____ PROVIDED DATA

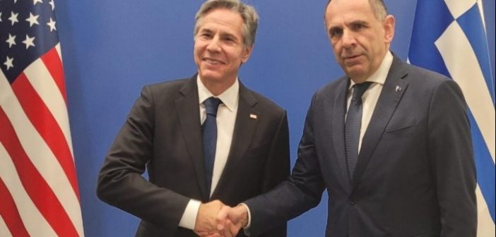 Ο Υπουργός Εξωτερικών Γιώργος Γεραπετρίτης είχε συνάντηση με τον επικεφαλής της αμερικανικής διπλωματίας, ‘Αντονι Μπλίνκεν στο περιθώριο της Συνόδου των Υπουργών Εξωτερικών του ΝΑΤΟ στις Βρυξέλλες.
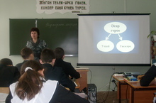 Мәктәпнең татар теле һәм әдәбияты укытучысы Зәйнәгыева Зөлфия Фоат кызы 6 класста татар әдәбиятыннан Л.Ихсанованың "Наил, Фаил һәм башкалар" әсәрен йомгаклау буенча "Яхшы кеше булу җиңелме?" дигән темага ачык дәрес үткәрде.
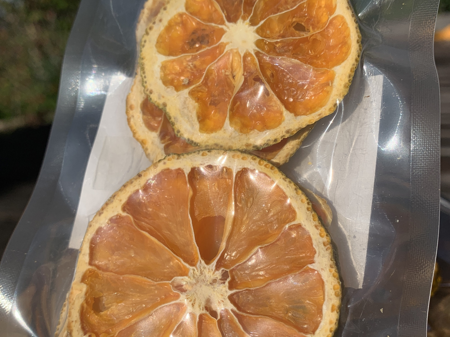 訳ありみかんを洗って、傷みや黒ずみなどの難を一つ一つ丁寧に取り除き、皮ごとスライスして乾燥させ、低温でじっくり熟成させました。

________

PROBLEM
Exactly as written, restate the lines above from the opening line through the one holding "Мәктәпнең татар теле", omitting the pictures.

RESULT BELOW
 Ο Υπουργός Εξωτερικών Γιώργος Γεραπετρίτης είχε συνάντηση με τον επικεφαλής της αμερικανικής διπλωματίας, ‘Αντονι Μπλίνκεν στο περιθώριο της Συνόδου των Υπουργών Εξωτερικών του ΝΑΤΟ στις Βρυξέλλες.
 Мәктәпнең татар теле һәм әдәбияты укытучысы Зәйнәгыева Зөлфия Фоат кызы 6 класста татар әдәбиятыннан Л.Ихсанованың "Наил, Фаил һәм башкалар" әсәрен йомгаклау буенча "Яхшы кеше булу җиңелме?" дигән темага ачык дәрес үткәрде.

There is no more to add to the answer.